Voice-over-Internet Protocol
Voice-over-Internet Protocol (VoIP) is the routing of voice conversations over the Internet or any other IP-based network. The voice data flows over a general-purpose packet-switched network, instead of traditional dedicated, circuit-switched voice transmission lines. Voice-over-IP traffic might be deployed on any IP network, including ones lacking a connection to the rest of the Internet, for instance on a private building-wide LAN.
ECG
An electrocardiogram (ECG or EKG) is a recording of the electrical activity of the heart over time produced by an electrocardiograph, usually in a noninvasive recording via skin electrodes.
Ambient Experience Design
Ambient Experience Design solutions focus on the values and needs of both patients and medical staff, addressing the total experience flow. They integrate architecture and technology (e.g. lighting, sound, vision, RFID) to create spaces that the patient can personalize.
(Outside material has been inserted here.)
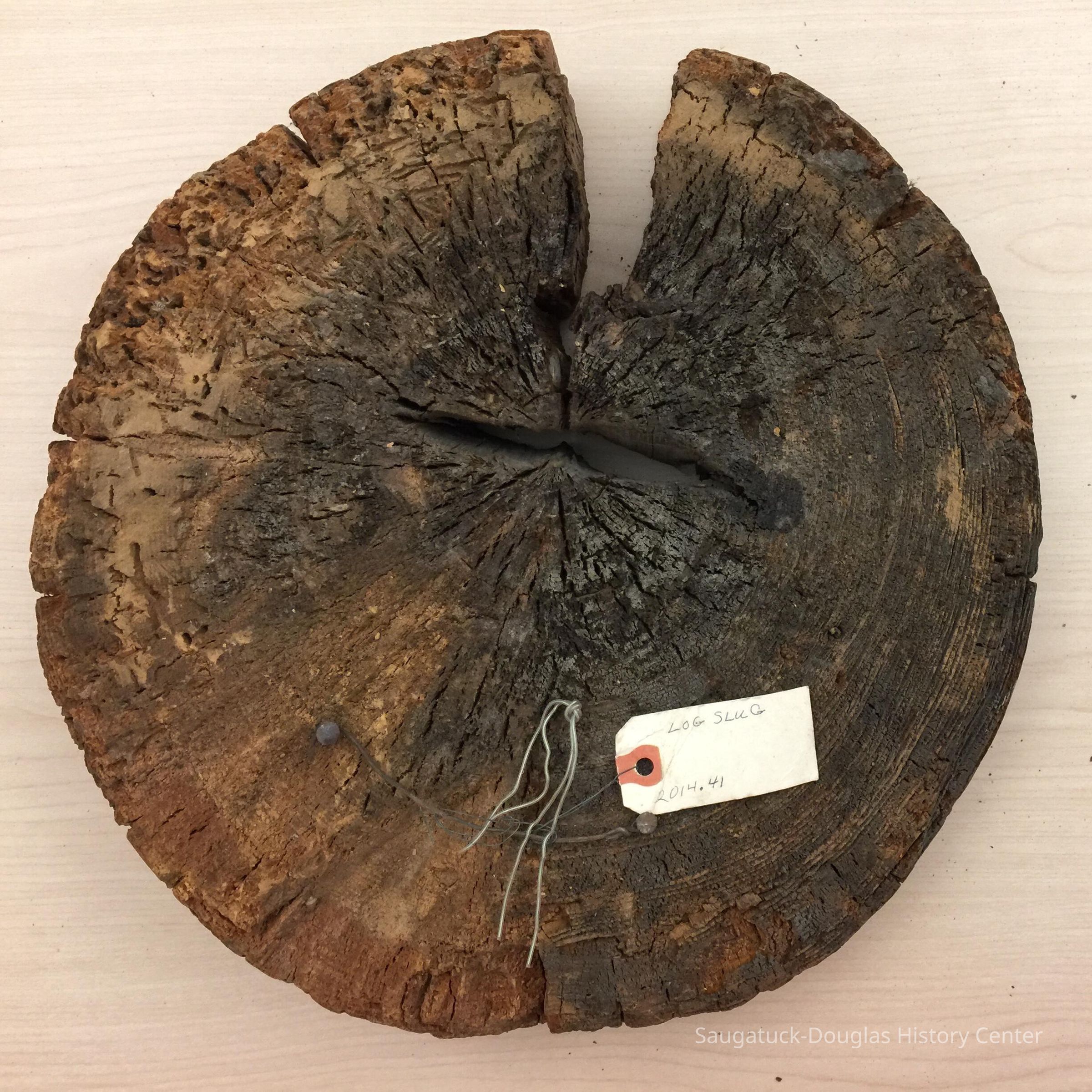 The slub was found in the mud along the Kalamazoo River. This kind of logging slug is colorfully called a "dollar."

Digital Enhanced Cordless Telecommunications
Digital Enhanced Cordless Telecommunications (DECT) is a European telecommunications standard for digital portable phones, commonly used in both the home and in the workplace. DECT is recognized as meeting the International Mobile Telecommunications-2000 (IMT-2000) standards, thus qualifying as a 3G system.
Compact Fluorescent Lamp integrated
Compact Fluorescent Lamp integrated (CFLi) lamps are 80% more energy efficient than incandescent lamps, and are easily interchangeable. Integrated CFLs work well in standard incandescent light fixtures, lowering the overall cost of ownership since they can reuse the existing infrastructure.